Similar to bottoms-up, this lowers both the barrier and the risk for buyers and offers tremendous upside for vendors. Today’s best SaaS companies grow not because there are a bunch of seats going unused, but because their customers are growing and happily spending more on their software as they do. This is a great focusing function for salespeople: let everything else melt away and just focus on driving usage—the best measure of success we have in the world of software.

In The Field > Data Field
Updating the CRM system has been the scourge of sellers for the past thirty years. Whether it’s Siebel or Salesforce, salespeople were required to keep the rest of the organization informed of their progress.
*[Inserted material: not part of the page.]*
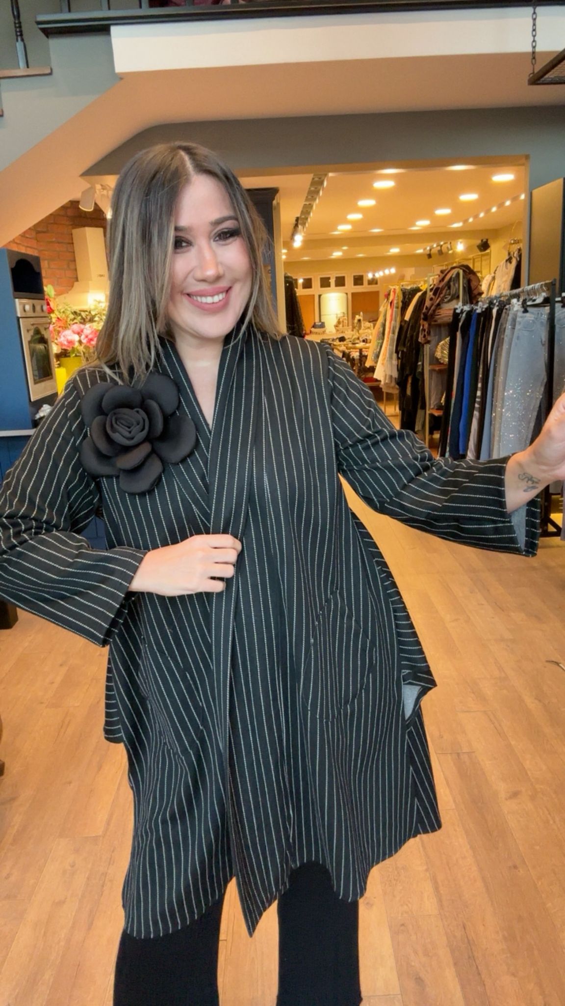 Çizgili Yakası Gül Detaylı Ceket
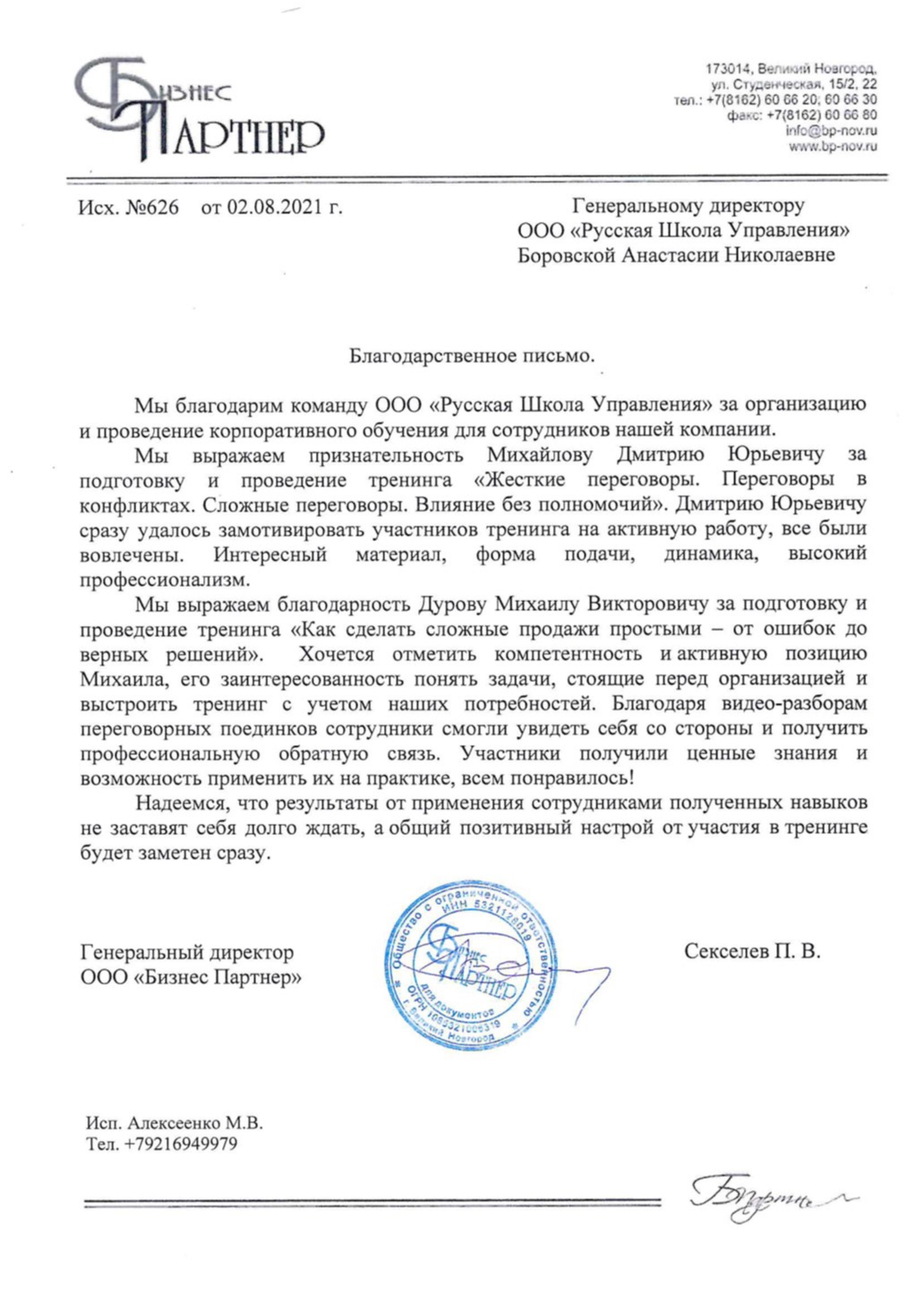 Хотим выразить благодарность Елизавете и организаторам за их профессиональный подход и энтузиазм, который они передавали нам. Обучение на тему управления персоналом было полезным и информативным. Оно помогло нам лучше понять сложности, связанные с взаимодействием с людьми в организациях, и предоставило практические инструменты для эффективного управления командами. Одним из главных преимуществ данного курса было то, что он охватывал различные аспекты управления персоналом, такие как найм, развитие, мотивация и оценка сотрудников. Благодаря этому получили более комплексное представление о процессе управления. Курс также акцентировал внимание на важности создания благоприятной рабочей среды, где сотрудники чувствуют себя вовлеченными и мотивированными. Он помог нам осознать, что эффективное управление персоналом не ограничивается только техническими навыками, но также требует понимания человеческих отношений и умения общаться с командой. Мы особенно оценили практические задания, которые давали возможность применить полученные знания в реальных ситуациях. Это помогло нам закрепить свои навыки и убедиться, что мы правильно понимаем материал. В целом, мы считаем, что обучение на данную тему ценным и полезным для нашей команды. Оно позволило нам улучшить свои навыки работы с персоналом. Определенно рекомендуем данный курс всем, кто хочет развиваться в области управления персоналом и хочет быть готовым к современным вызовам на рынке труда»

While this was pitched as helpful to sellers, and sometimes it was a good forcing function, mostly it existed to ensure as accurate a forecast as possible. CRM became a system for managers, not reps.

Over the last few years, a few things have happened that have started to change this dynamic and we think this trend will continue to accelerate. First, the state of APIs and the open-platform approach of Salesforce has meant that all data can fairly easily flow into opportunity records. As a result, new companies have popped up with the sole intention of taking actual sales activity—the interactions, emails, meetings—and finding ways to use that data to dynamically update records without pushing salespeople to sign in and fill out the fields themselves. Second, the sheer amount of data that now exists around prospect and customer behavior has meant that most organizations have adopted data warehouses to stitch everything together. Some of that data gets fed back into CRM, while all of it is available in BI tools. This leads to a situation where, for most organizations, the most accurate records now exist in their warehouse, not their CRM. Finally, the idea of a portal like CRM being your operating system has been overtaken by Slack and Teams. Those are the places work is happening (even more so in our newly remote world) and increasingly everything needs to be able to move in and out of those spaces.
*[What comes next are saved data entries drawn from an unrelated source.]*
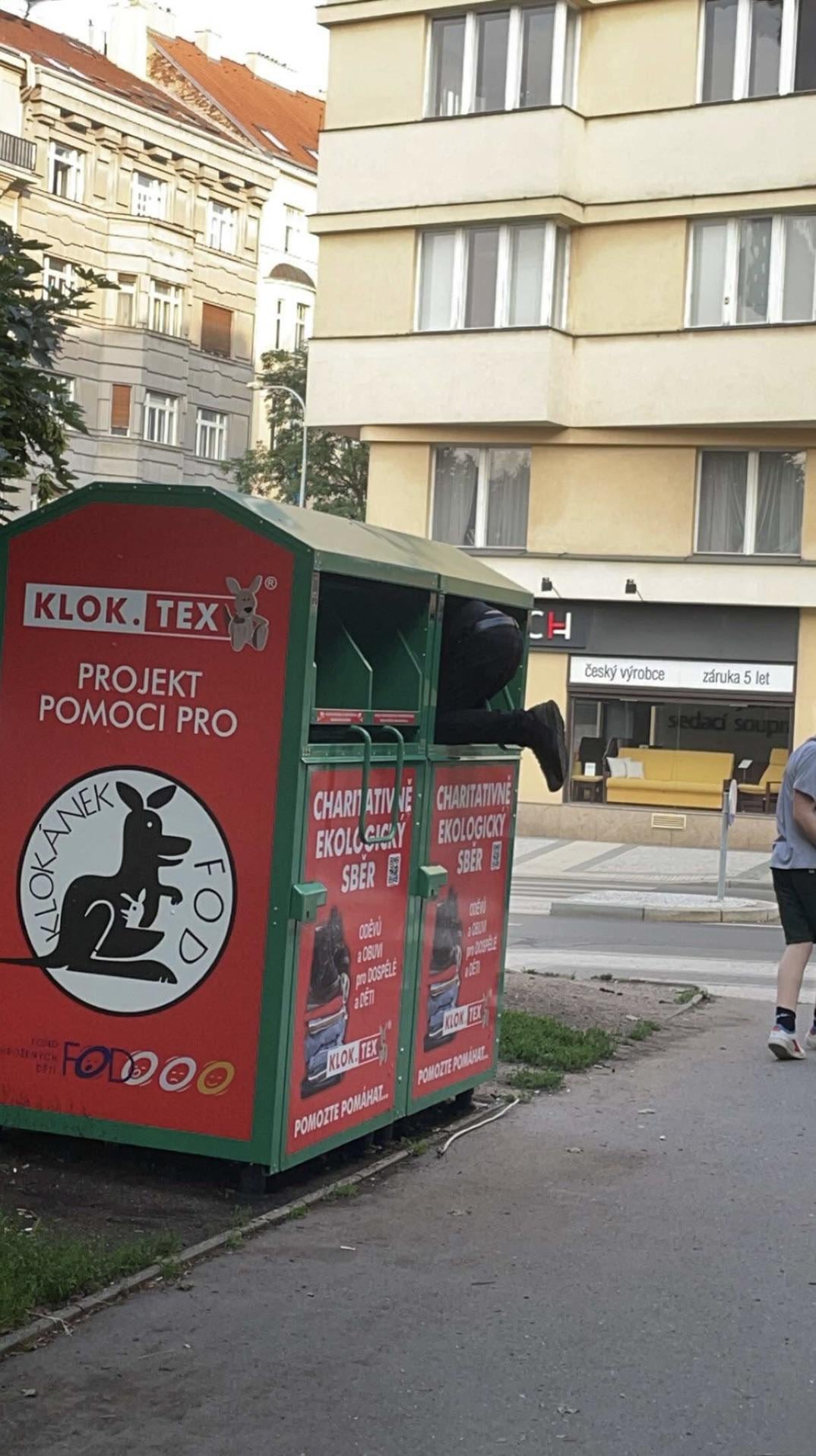 You’ve actually witnessed a very beautiful thing – this is how homeless people are born in Czechia. They come out of those bins in their already adult and homeless form and wonder around the streets.
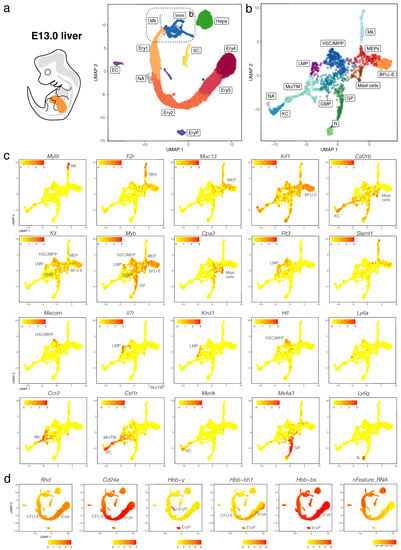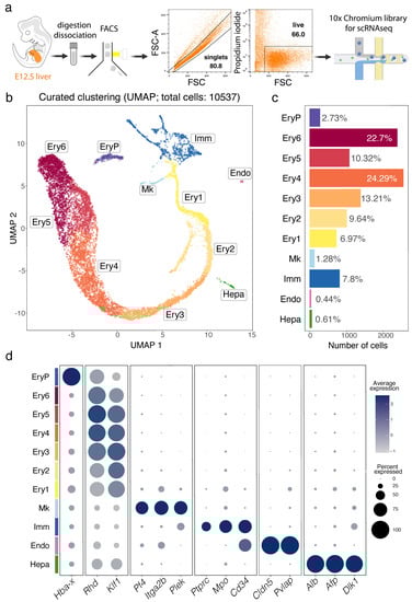To define the cellular landscape of early liver haematopoiesis in the context of other developing liver cell lineages, we generated a scRNA-seq dataset of the mouse E12.5 liver using a droplet-based approach that allowed recovery of a hundred times higher number of cells compared to a previous report, which only sequenced ~100 cells at this stage []. Thus, two independent single cell cDNA libraries were prepared from the total single cell suspension of E12.5 foetal liver and sequenced in two batches that were pooled to increase the number of cells sequenced (Figure 1a, Figures S1 and S2a). The data from 10,537 cells passed quality control and underwent graph-based unsupervised Louvain clustering and dimensionality reduction by Uniform Manifold Approximation and Projection (UMAP) (Figure S2b). Differentially expressed genes (DEGs, Figure S2c) were used to annotate cell clusters and to pool the most similar clusters into a curated representation of E12.5 liver cell populations (Figure 1b–d). These DEGs are listed in detail in the sections below, where we will discuss specific cell populations. Overall, we identified 11 major cell populations (Figure 1b,c). The identity of each cluster was assigned by matching the cluster expression profile to established cell type-specific genes for erythroid cells (e.g., Hba-x for EryP, Rhd and Klf1 for Ery1-6), megakaryocytes (Mk, e.g., Pf4, Itga2b and Plek), immune cells (Imm, e.g., Ptprc and Mpo), endothelial cells (Endo, e.g., Cldn5 and Sox18) and hepatocytes (Hepa, e.g., Alb, Alf and Dlk1) (Figure 1d). As expected, given the red colour appearance of the foetal liver, ~90% of all E12.5 liver cells were erythroid cells (Figure 1c). The Imm, Mk and Ery1-6 clusters formed a single, branched supercluster when UMAP dimensional reduction was applied (Figure 1b), suggesting that these cell types can share a common haematopoietic progenitor lineage from the immune cell cluster. Instead, hepatocytes and endothelial cells formed segregated clusters from each other and the immune cell cluster, consistent with distinct lineage origins.
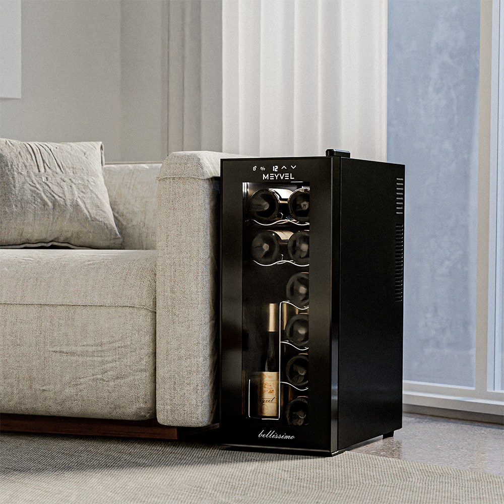 Инженеры компании Meyvel разработали новую модель отдельностоящего винного шкафа MV12-TBD1. Благодаря компактным размерам данную модель можно разместить практически в любом помещении. Двойное стекло с защитой от прямых УФ-лучей поддерживает качественные условия хранения вина. Для размещения винных бутылок, шкаф оснащен 3 полками из хромированного металла. Одна из полок имеет возможность хранения бутылок стоя.
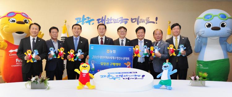 ±¤ÁÖ±¤¿ª½Ã¿Í 2019±¤ÁÖ¼¼°è¼ö¿µ¼±¼ö±Ç´ëȸ Á¶Á÷À§¿øÈ¸´Â 20ÀÏ ¿ÀÈÄ ½Ãû 3Ãþ Á¢°ß½Ç¿¡¼ ³óÇù±¤ÁÖÁö¿ªº»ºÎ¿¡ ¡®±¤ÁÖ¼ö¿µ´ëȸ ÀÔÀå±Ç ±¸¸Å¿¡ µû¸¥ ÀÔÀå±Ç ±¸¸Å »çÀü¿¹¾àÁõ¼¡¯¸¦ Àü´ÞÇß´Ù.
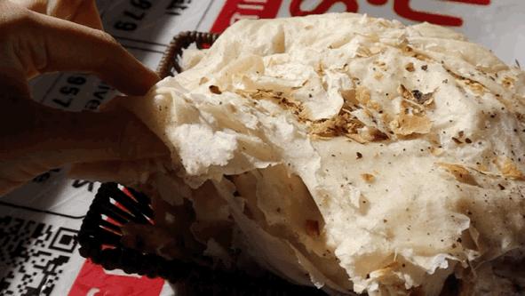 咬下第一口,小麥的香氣先在齒間散開,餅底外層脆得掉渣,內裏卻鬆軟有嚼勁,帶着微微的麥香回甘。

If you want evidence of all this, look no further than Salesforce itself. They’ve obviously famously invested in APIs through the Force.com platform. But then, in addition, they’ve spent almost $43.5 billion over the last eighteen months to buy a BI tool in Tableau and a work operating system in Slack. If that’s not an indication that they recognize the need for data to freely move, I don’t know what is.
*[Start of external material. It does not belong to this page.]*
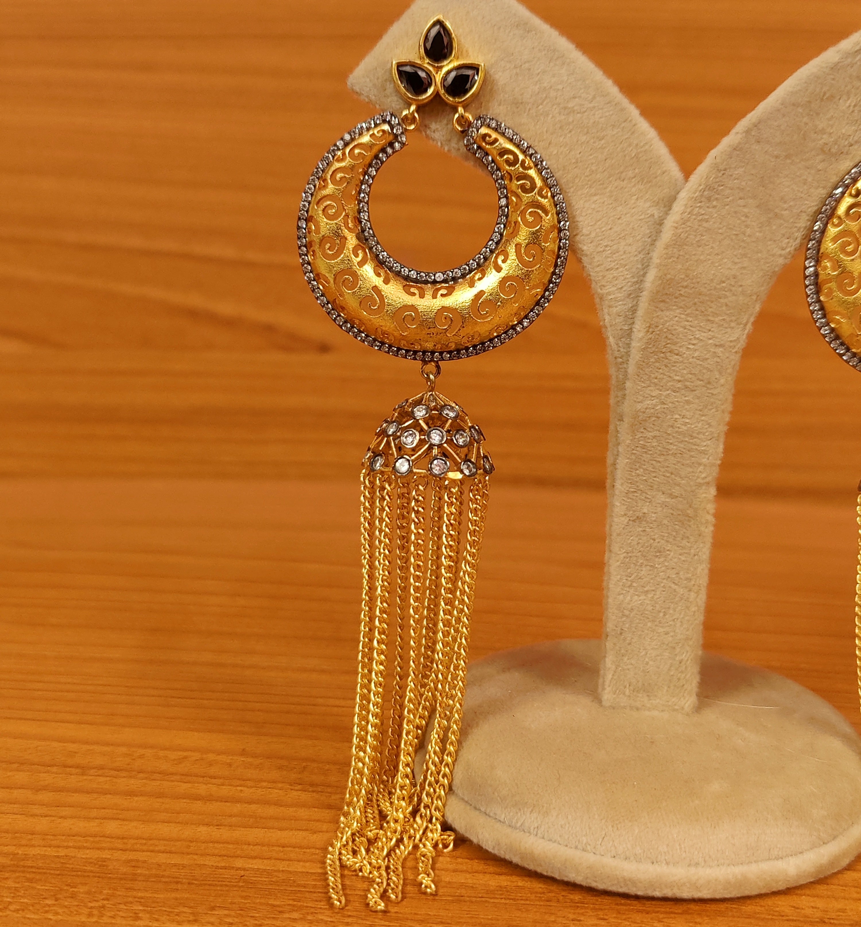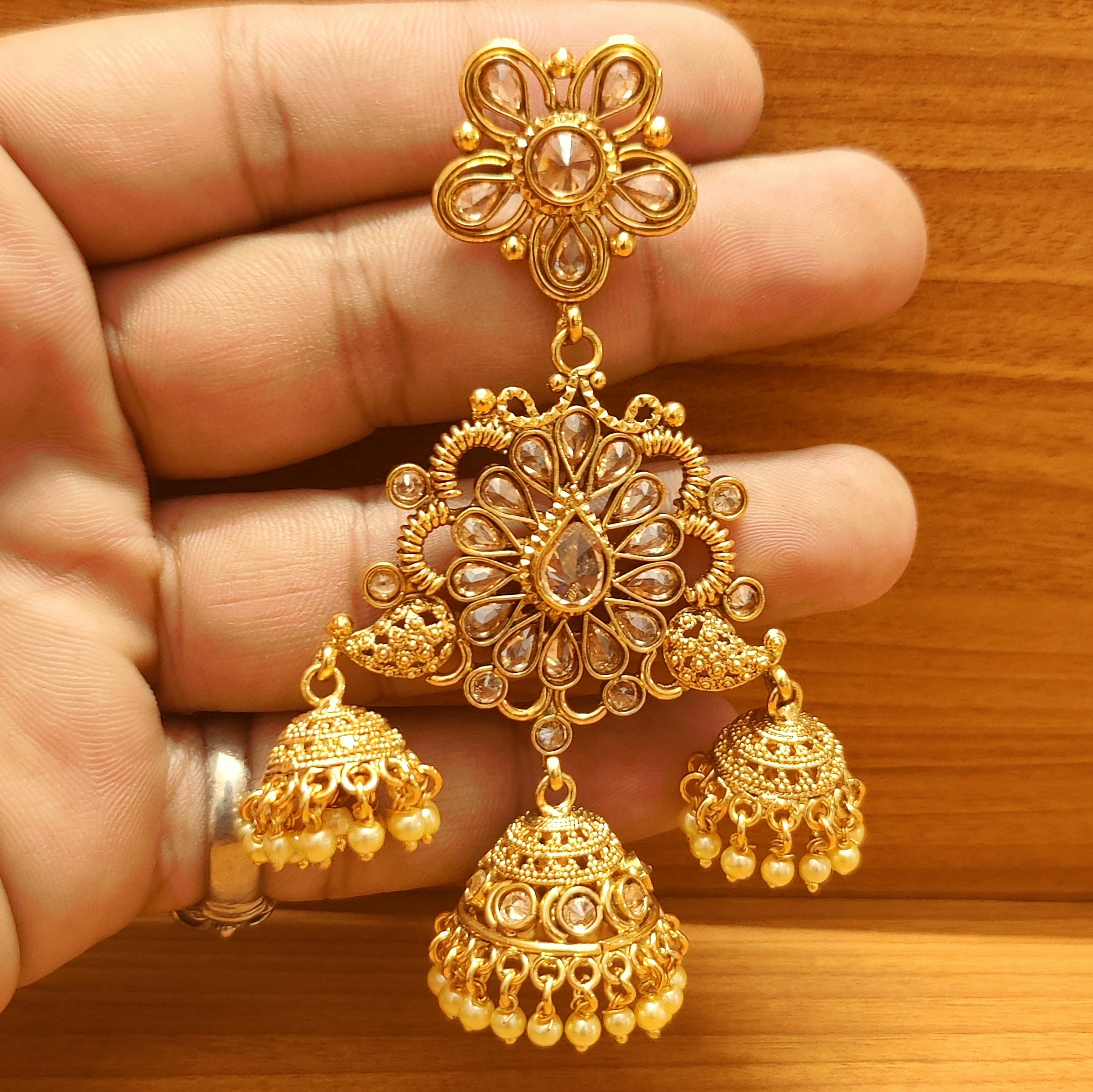 GOLD PLATED KUNDAN LOOK CHAIN JHUMKA'S

Put together this creates a much more seller-centric world and ideally leads to more time selling in the field and less time filling them out.

Conclusion
When you boil all these forces down it actually comes back to another thing Jeff Bezos said in that same 2012 conversation: “if we can arrange things in such a way that our interests are aligned with our customers, then in the long term, that will work out really well for customers, and it'll work out really well for Amazon.” Better alignment means shared success, you win when your customers win.

That’s what’s happening in enterprise software and it’s a massive threat for those stuck in the past and a huge opportunity for those willing to embrace the future. In Star Wars, The Force was an energy field created by all life that connected everything in the universe. The future is bright for those who learn to harness these forces.